Despite the community-standard of care recommendations and the significant negative impact that TD has on patients, many clinicians face challenges in implementing these tools effectively. Some of the reported reasons for these challenges include the perceived complexity of these tools, time constraints, patient compliance/reluctance, and limited exposure to TD screening education.

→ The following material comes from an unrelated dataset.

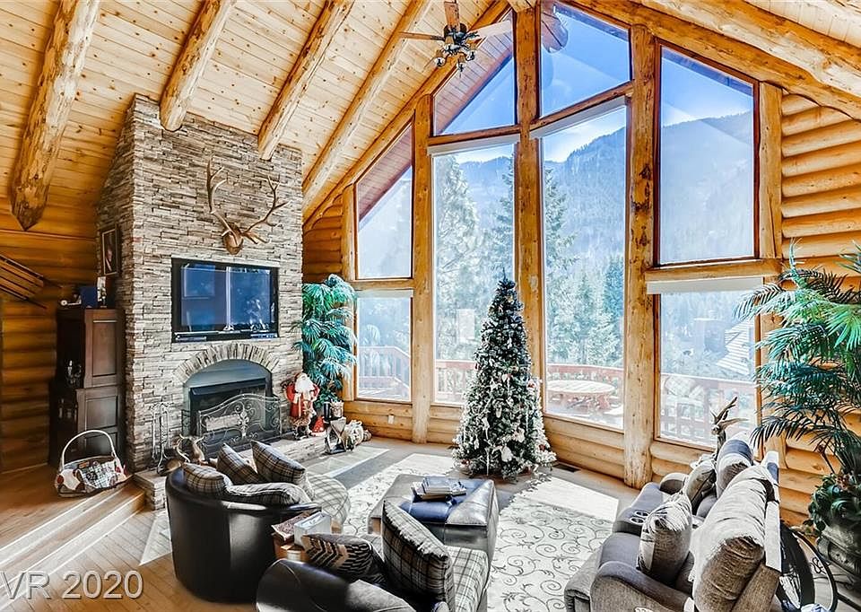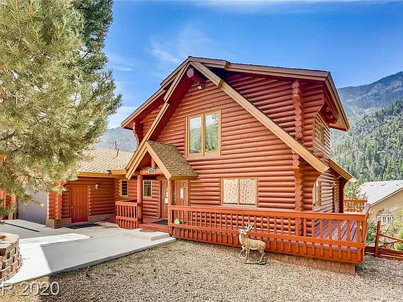Extraordinary luxury log home nestled in Toiyabe Nat'l Forest, 30 minutes from Las Vegas! Aprx. 3728 sqft. Enjoy the quintessential mountain lifestyle in this quality crafted elegant home. Take in the fresh mountain air and magical mountain/forest views. Enjoy seeing an abundance of wildlife in your own yard (deer, wild horses, Stellar Jays, hummingbirds & more). With the ambiance of a mountain lodge, this home showcases a great room with vaulted ceiling & a stunning floor-to-ceiling stone accent wall with a wood burning fireplace. The focal point is the spacious kitchen w/custom cabinetry, granite, stainless appliances & breakfast bar. Inviting dining area w/rustic chandelier. The exterior deck offers additional space for entertaining, alfresco dining & enjoying the four seasons. Huge family room with wood burning fireplace. Billiard/game room. After a day of hiking or skiing, enjoy the steam room. Mostly level backyard topography. Most furnishings included + built-in Onan generator.
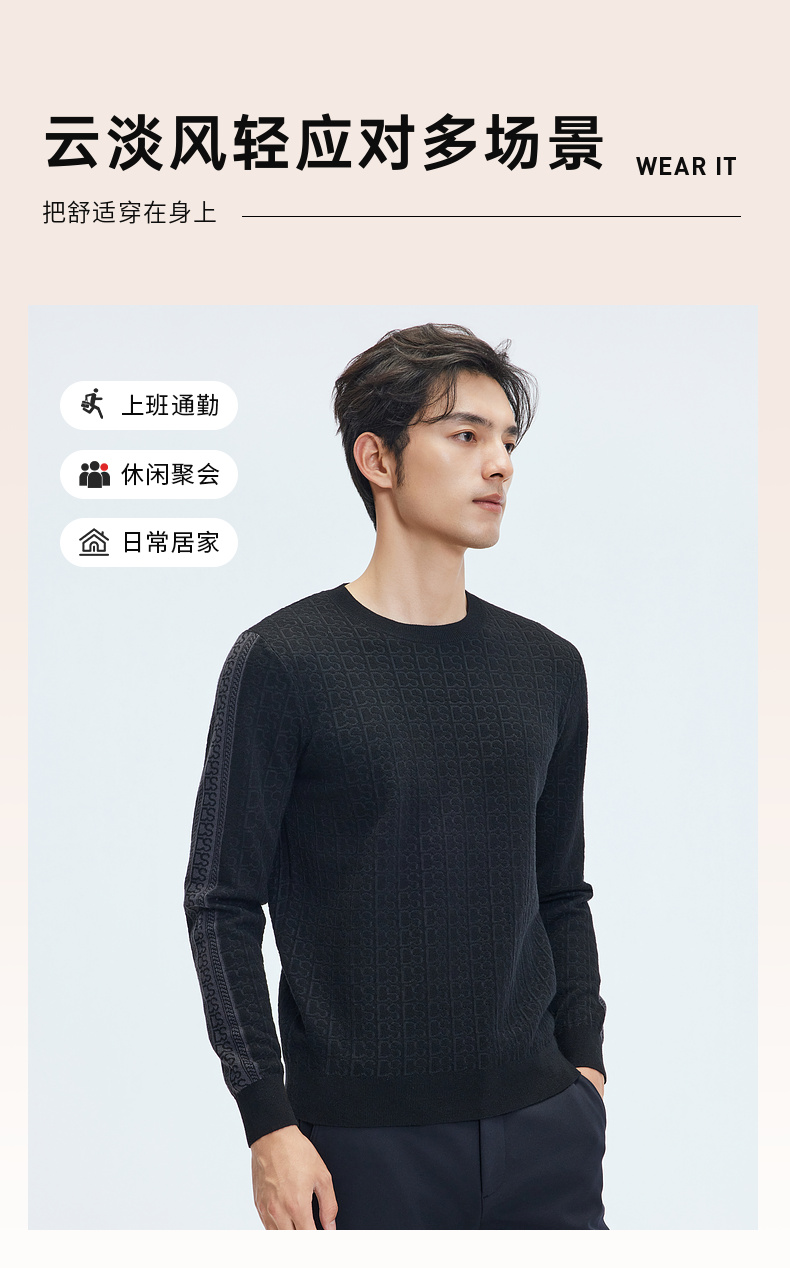【门店同款】圣得西2025年冬季男士长袖T恤含绵羊毛休闲风针织衫

Addressing these challenges requires targeted education and training for healthcare providers, better integration of assessment tools into routine care practices, and possibly the development of simplified or more efficient tools that can be easily used in a variety of clinical settings.


  • Management

The management of TD involves both non-pharmacological approaches and pharmacological treatments. The best treatment option is primary prevention by following practice guidance for the prescription of antipsychotic medication. These includes limiting prescription to specific indications, using the minimum effective dose, and minimizing, as much as possible, the duration of therapy.

First-line management of TD would be to consider reducing the dose or to discontinue the antipsychotic medication when clinically feasible, but for many patients this poses a serious concern due to relapse potential. Adjusting antipsychotic medications, either by reducing the dose or switching to a different medication, is another common strategy. Consider switching to a lower-risk antipsychotic, particularly from typical to atypical antipsychotics, which generally have a lower risk of causing TD. [8]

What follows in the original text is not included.